In fact, there are two schools of thought around how the above two terms should be defined. The ‘original/classic/Detroit’ school, and the ‘mockist/London’ school. Not surprisingly, the school of thought you subscribe to has a significant impact on how you write unit tests. For a more detailed treatment of the two schools of thought, I suggest Martin Folwer’s excellent article on the subject of Mocks and Stubs. Chapter 2 of Khorikov’s book Unit Testing Principles, Practices, and Patterns also has some good insights into it. I have distilled their contents as it pertains to unit test definitions.
The Detroit School
The Classical or Detroit school of thought originated with Kent Beck’s “Test Driven Development”.
Unit of software. According to this school, the unit of software to test is a “behavior”. This behavior could be implemented in a single class, or a collection of classes. The important property here is that the the code that comprises the unit must be (1) internal to the software, (2) connected with each other in the dependency tree, and (3) not shared by another other part of the software.
Thus, a unit of software cannot include external entities such as databases, log servers, file systems etc. They also cannot include external (but local) libraries such as system time and timers. Importantly, it is ok to include a class that depends on another class via a private non-shared dependency.
Isolation. Given the above notion of a “unit” of software, isolation simply means that the test is not dependent on anything outside that unit of software. In practical terms, it means that a unit test needs to replace all external and shared dependencies with test doubles.
The London School
The mockist or London school of thought was popularized by Steve Freeman (twitter) and Nat Pryce in their book “Growing Object- Oriented Software, Guided by Tests”.
Unit of Software. Given the heavy bias Object-Oriented software, unsurprisingly, the unit of software for a unit test is a single class (in some cases, it can be a single method). This is strictly so. ANy other class that this the ‘class under test’ depends on cannot be part of the unit being tested.

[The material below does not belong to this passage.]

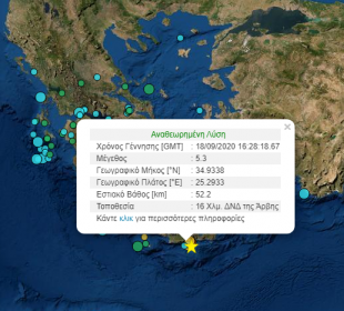 Σεισμική δόνηση μεγέθους 5.3 βαθμών της κλίμακας Ρίχτερ σημειώθηκε στις 19.28 το απόγευμα της Παρασκευής 18-09-2020. Το επίκεντρο της δόνησης είναι : ...

Isolation. What follows from the above notion of a “unit” is that everything that is not the class under test must be replaced by test doubles. If you are instantiating another class inside the class under test, then you must replace that instantiation with an injected instance or a factory that can be replaced with a test double in the tests.
Here is a quick summary of the definitions of a unit tests under the two schools.
|Detroit||Behavior||Replace shared and external dependencies with test doubles||‘fast’|
|London||Class||Replace all dependencies (internal, external, shared, etc.) with test doubles||‘fast’|
What does this mean?
The school of thought you subscribe to can have a significant impact on your software design and testing. There is nothing I can say here that hasn’t already been explained by Martin Fowler in his article “Mocks aren’t stubs”. So, I highly recommend you read it for yourself.